Inapoi
Inainte
Cuprins
Stack and Stash
as
templates
The recurring
“ownership” problems with the Stash and Stack
container classes that have been revisited throughout this book come from the
fact that these containers haven’t been able to know exactly what types
they hold. The nearest they’ve come is the Stack “container
of Object” that was seen at the end of Chapter 15 in
OStackTest.cpp.
If the client programmer doesn’t
explicitly remove all the pointers to objects that are held in the container,
then the container should be able to correctly delete those pointers.
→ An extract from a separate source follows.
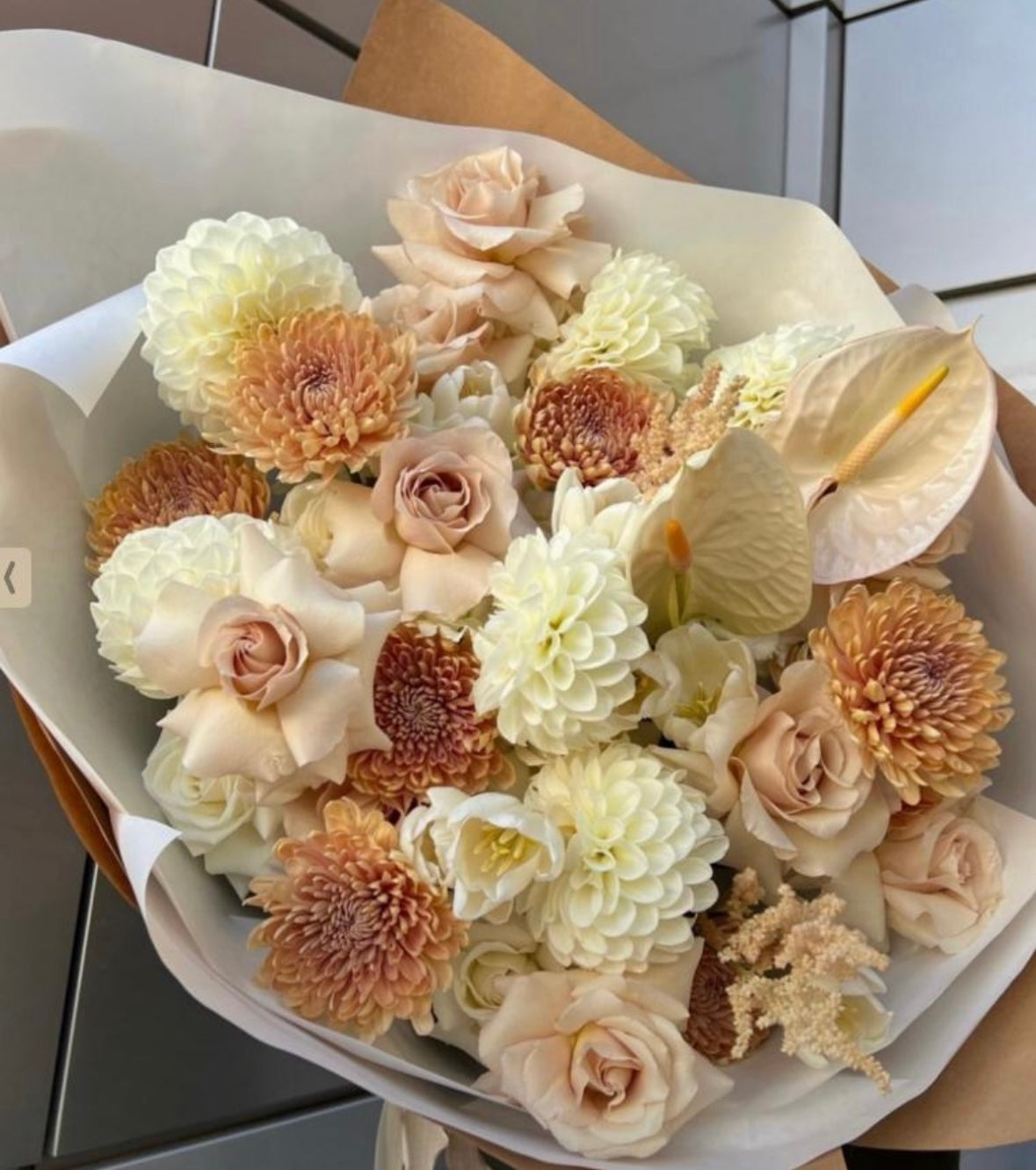 Dieser Strauß strahlt dezente Eleganz und zeitlose Schönheit aus. Die zarten Creme- und Beigetöne der Rosen, Chrysanthemen und Dahlien harmonieren perfekt mit den exotischen Anthurien und der leichten Astilbe. Der Strauß ist ideal für besondere Anlässe oder als edles Geschenk, das einen warmen, sanften und dennoch luxuriösen Eindruck hinterlässt.

That is to
say, the container “owns” any objects that haven’t been
removed, and is thus responsible for cleaning them up. The snag has been that
cleanup requires knowing the type of the object, and creating a generic
container class requires not knowing the type of the object. With
templates, however, we can write code that doesn’t know the type of the
object, and easily instantiate a new version of that container for every type
that we want to contain. The individual instantiated containers do know
the type of objects they hold and can thus call the correct destructor
(assuming, in the typical case where polymorphism is involved, that a virtual
destructor has been provided).
For the Stack this turns out to be
quite simple since all of the member functions can be reasonably
inlined:
//: C16:TStack.h
// The Stack as a template
#ifndef TSTACK_H
#define TSTACK_H
template<class T>
class Stack {
struct Link {
T* data;
Link* next;
Link(T* dat, Link* nxt):
data(dat), next(nxt) {}
}* head;
public:
Stack() : head(0) {}
~Stack(){
while(head)
delete pop();
}
void push(T* dat) {
head = new Link(dat, head);
}
T* peek() const {
return head ? head->data : 0;
}
T* pop(){
if(head == 0) return 0;
T* result = head->data;
Link* oldHead = head;
head = head->next;
delete oldHead;
return result;
}
};
#endif // TSTACK_H ///:~
If you compare this to the
OStack.h example at the end of Chapter 15, you will see that Stack
is virtually identical, except that Object has been replaced with
T. The test program is also nearly identical, except that the necessity
for multiply-inheriting from string and Object (and even the need
for Object itself) has been eliminated. Now there is no MyString
class to announce its destruction, so a small new class is added to show a
Stack container cleaning up its objects:
//: C16:TStackTest.cpp
//{T} TStackTest.cpp
#include "TStack.h"
#include "../require.h"
#include <fstream>
#include <iostream>
#include <string>
using namespace std;
class X {
public:
virtual ~X() { cout << "~X " << endl; }
};
int main(int argc, char* argv[]) {
requireArgs(argc, 1); // File name is argument
ifstream in(argv[1]);
assure(in, argv[1]);
Stack<string> textlines;
string line;
// Read file and store lines in the Stack:
while(getline(in, line))
textlines.push(new string(line));
// Pop some lines from the stack:
string* s;
for(int i = 0; i < 10; i++) {
if((s = (string*)textlines.pop())==0) break;
cout << *s << endl;
delete s;
} // The destructor deletes the other strings.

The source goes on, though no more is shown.